One of the striking differences between the two is about Fragmentation
IPv4: Performed at each hop which slows down router performance. The process becomes even longer if the data packet size exceeds the Maximum Transmission Unit (MTU).
IPv6: Only done by the host sending the data packet. In addition, there is an MTU discovery feature that determines the fragmentation that more precisely matches the smallest MTU value contained in a network from end to end.
The big question
The big question in recent years is – does IPv6 create a “separate internet”? The fundamental problem with IPv6 is that it does not have interoperability with IPv4, which implies that it must work in parallel, thus creating an Internet independent of the one that exists now. For example, if a person enters a site at an IPv6 address and tries to communicate with another that works over IPv4, he could get an error message. Conversely, there will be people who will not be able to enter sites that only have an IPv6 address if their ISPs do not support this protocol.
What is the solution then for the Internet not to “break” in two? The solution involves the implementation of translation systems, which allow going from IPv6 to IPv4 (and vice versa) without errors appearing, using techniques called tunneling, which encapsulate the packets so that they can pass from a network to another network without getting lost.
Here are the top six reasons why you should migrate to IPv6
The main reason migration to IPv6 has been discussed for some years is undoubtedly the depletion of IPv4 addresses. To date, one of the measures adopted to mitigate this reality is the use of address translators (NAT).

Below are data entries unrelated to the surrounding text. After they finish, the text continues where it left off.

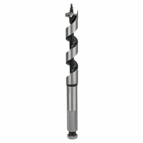 Holzschlangenbohrer, Sechskantschaft, Durchmesser: 15 mm, Arbeitslänge: 100 mm, Gesamtlänge: 160 mm, Schlüsselweite: 11,1 mm, für präzise und saubere Bohrungen, mit präzisionsgeschliffener Hauptschneide für schnelle Bohrungen, nur geringe Bohrkraft erforderlich, hochbelastbarer Bohrkopf mit selbsteinziehender Gewindespitze: zieht den Bohrer auf der gesamten Länge bis zum Durchbruch durch das Material, mit massivem Kernteil und reibungsarmer Spirale für gerade Bohrungen und hohe Spanabfuhr, geeignet für alle Weich- und Harthölzer, sogar in nassem Holz, ideal für Einsatz im Baunebengewerbe, bei Zimmerleuten, Dachdeckern, für Durchgangsbohrungen und Vorbohren von Sparrennägeln und für Stabdübelbohrungen, einsetzbar in allen Bohrmaschinen mit 13-mm-Bohrfutter, Präzisionsgeschliffen für maßhaltige Bohrungen, hoher Bohrfortschritt durch optimierte Wendelgeometrie, hohe Bruchsicherheit, feiner Oberflächenschliff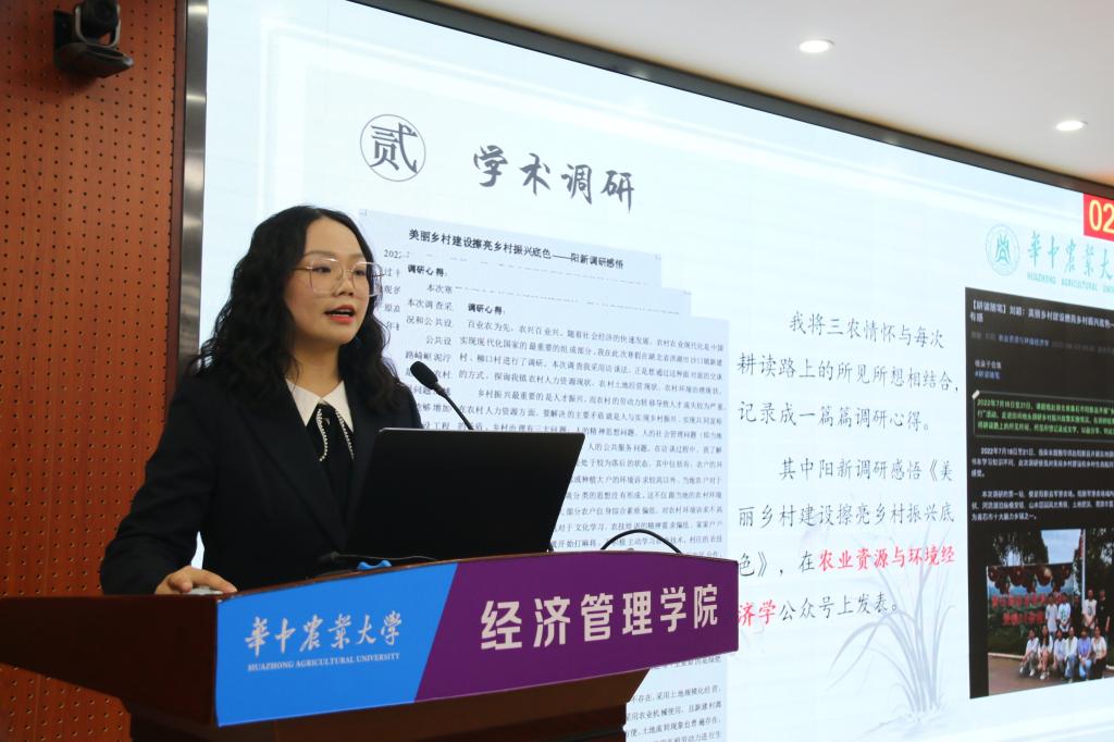 2021级农业管理硕士生刘颖在研究生期间,以通讯作者的身份在《环境保护》(CSSCI)上发表论文《“双碳”目标下的畜禽养殖绿色发展》。她积极参与创新创业大赛,获得第八届中国国际“互联网+”大学生创新创业大赛省级金奖。她多次赴黄石、襄阳、黄陂等县市调研,将三农情怀与耕读路上的所见所想相结合,记录成数篇调研心得。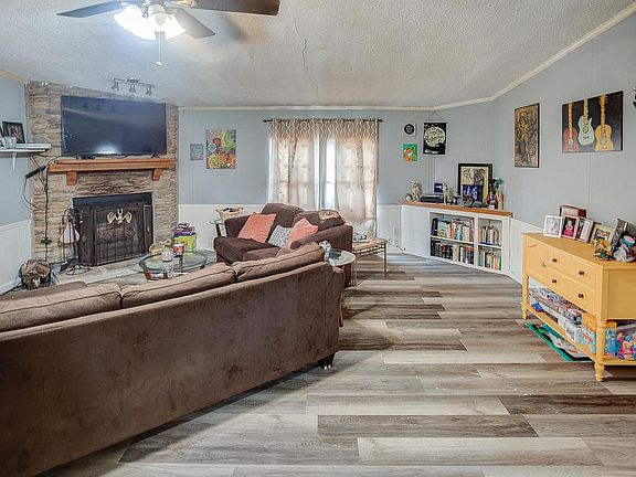 Back on the Market - seller had under contract and appraised, but were not able to close due to the missing title on the mobile home. Seller has now applied for a bonded title and should have in hand soon. 3 bed home with an open floor plan on a large lot with an attached garage. The Master suite is spacious with an attached bathroom with a garden tub and separate shower. The living room has a stone fireplace. The outdoor space is nice with a breezeway to the attached garage and a nice deck and large yard.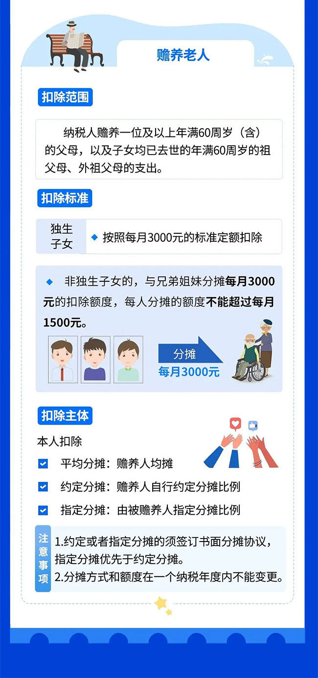 三、贍養老人專項附加扣除標準,由每月2000元提高到3000元。其中,獨生子女按照每月3000元的標準定額扣除;非獨生子女與兄弟姐妹分攤每月3000元的扣除額度,每人分攤的額度不能超過每月1500元。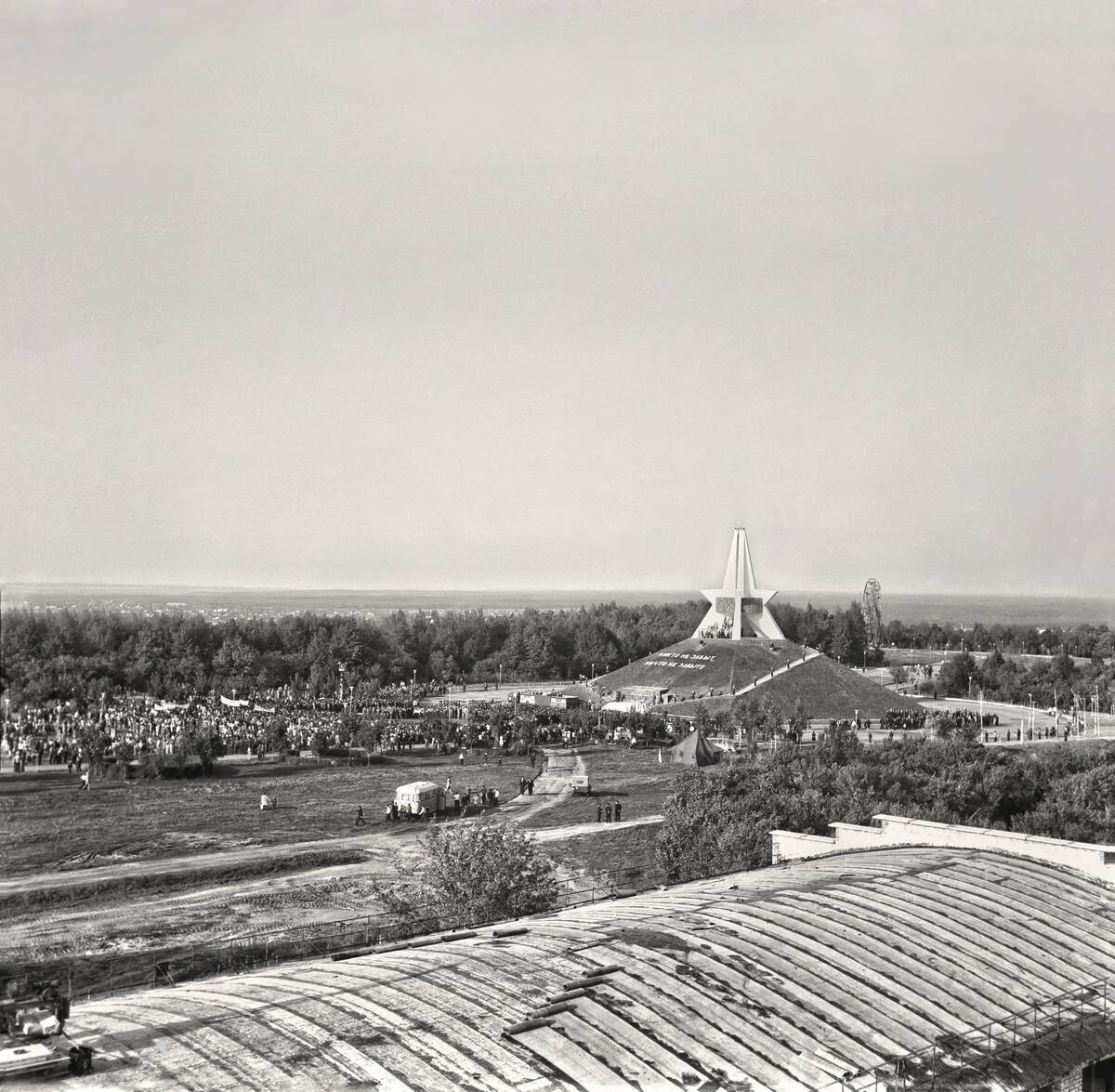На фотографии запечатлён фрагмент торжеств 1976 года на Кургане Бессмертия. В объективе - большое скопление людей, праздничные декорации.

Now, if a reason for the fundamental problem has already been found. Why migrate to IPv6?
- IPv6 has been designed to be easy, so it is completely transparent to users. Additionally, networks and devices have the ability to “self-configure.”

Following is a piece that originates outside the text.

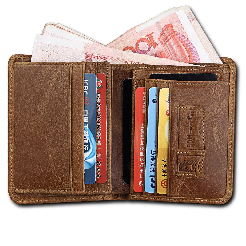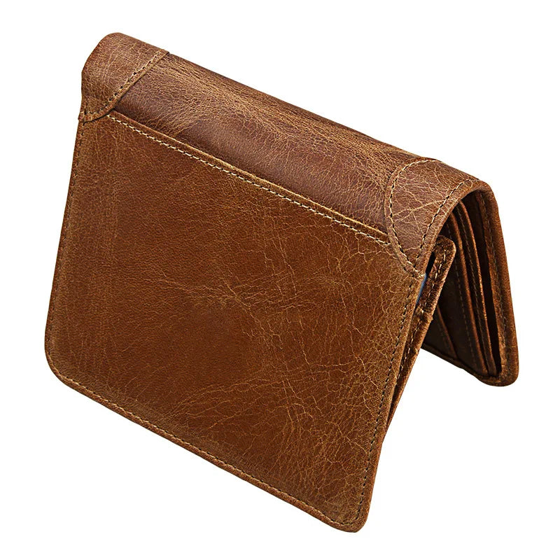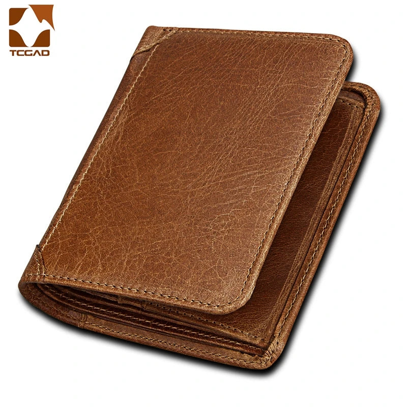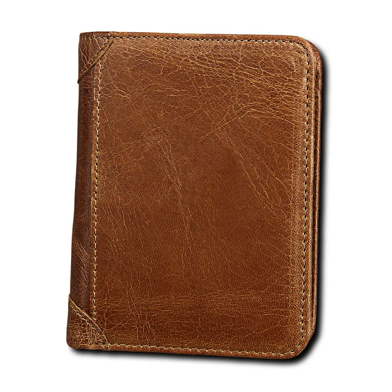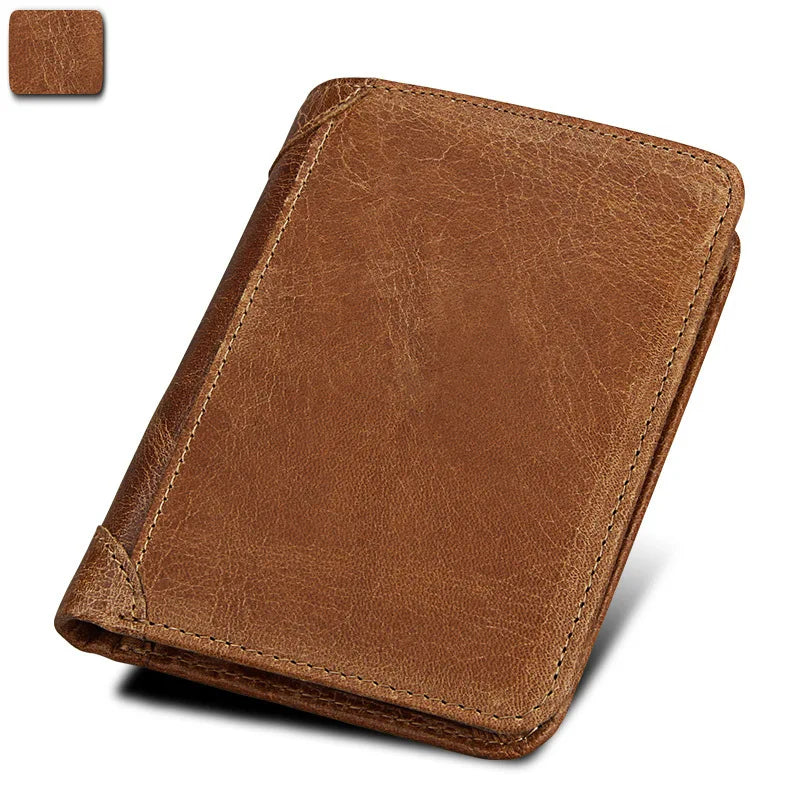 This men's leather wallet is designed with a retro style and features RFID protection. It comes with a matching box, making it a great gift option.

- It is necessary to recover end-to-end connectivity since, with the use of NAT, the Internet has become a complex network difficult to manage in which only client-server applications work correctly.
- It is necessary to increase security on the Internet. IPv6 is not more secure than IPv4. However, the standard requires incorporating the IPsec protocol, which, together with the fact that the use of NAT is not necessary, makes it possible to use end-to-end, thus increasing security on the Internet.

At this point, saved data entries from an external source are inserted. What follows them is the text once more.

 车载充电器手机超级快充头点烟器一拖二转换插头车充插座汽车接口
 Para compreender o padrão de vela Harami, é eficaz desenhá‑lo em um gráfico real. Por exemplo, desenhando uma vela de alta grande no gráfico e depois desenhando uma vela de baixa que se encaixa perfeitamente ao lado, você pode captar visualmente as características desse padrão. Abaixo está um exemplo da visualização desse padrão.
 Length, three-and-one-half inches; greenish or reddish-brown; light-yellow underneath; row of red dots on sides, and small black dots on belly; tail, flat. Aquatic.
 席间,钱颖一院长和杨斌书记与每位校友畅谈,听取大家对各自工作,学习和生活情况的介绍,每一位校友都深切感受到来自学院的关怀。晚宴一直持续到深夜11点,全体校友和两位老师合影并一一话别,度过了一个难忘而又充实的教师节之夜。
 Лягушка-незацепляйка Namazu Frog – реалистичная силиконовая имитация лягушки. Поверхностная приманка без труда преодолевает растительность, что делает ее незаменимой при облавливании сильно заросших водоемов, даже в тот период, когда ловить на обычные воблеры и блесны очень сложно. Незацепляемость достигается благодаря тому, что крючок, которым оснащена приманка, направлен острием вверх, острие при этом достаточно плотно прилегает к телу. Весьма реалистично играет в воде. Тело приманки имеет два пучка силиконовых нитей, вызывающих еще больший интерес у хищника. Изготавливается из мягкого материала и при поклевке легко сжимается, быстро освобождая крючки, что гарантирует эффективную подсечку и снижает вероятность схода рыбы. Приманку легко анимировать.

- Due to the scarcity of addresses in IPv4, a dynamic address model has been used that generates complications when it comes to easily configuring services on all networks.
- Finding security “holes” when the network is so immense is almost impossible. According to some estimates, finding a security hole in an IPv6 (/ 64) subnet would take about five billion years. As each user also has a / 48 (65,535 times / 64), it would be practically impossible to locate it.
- Today’s apps can’t run on IPv4.
And finally, something that today is booming … IoT! Thanks to IPv6, we can create the famous “Internet of Things (IoT)” because we have a practically unlimited number of addresses that allow us to have millions of connected objects, ensuring that machines can speak directly to each other and what is more important… with us!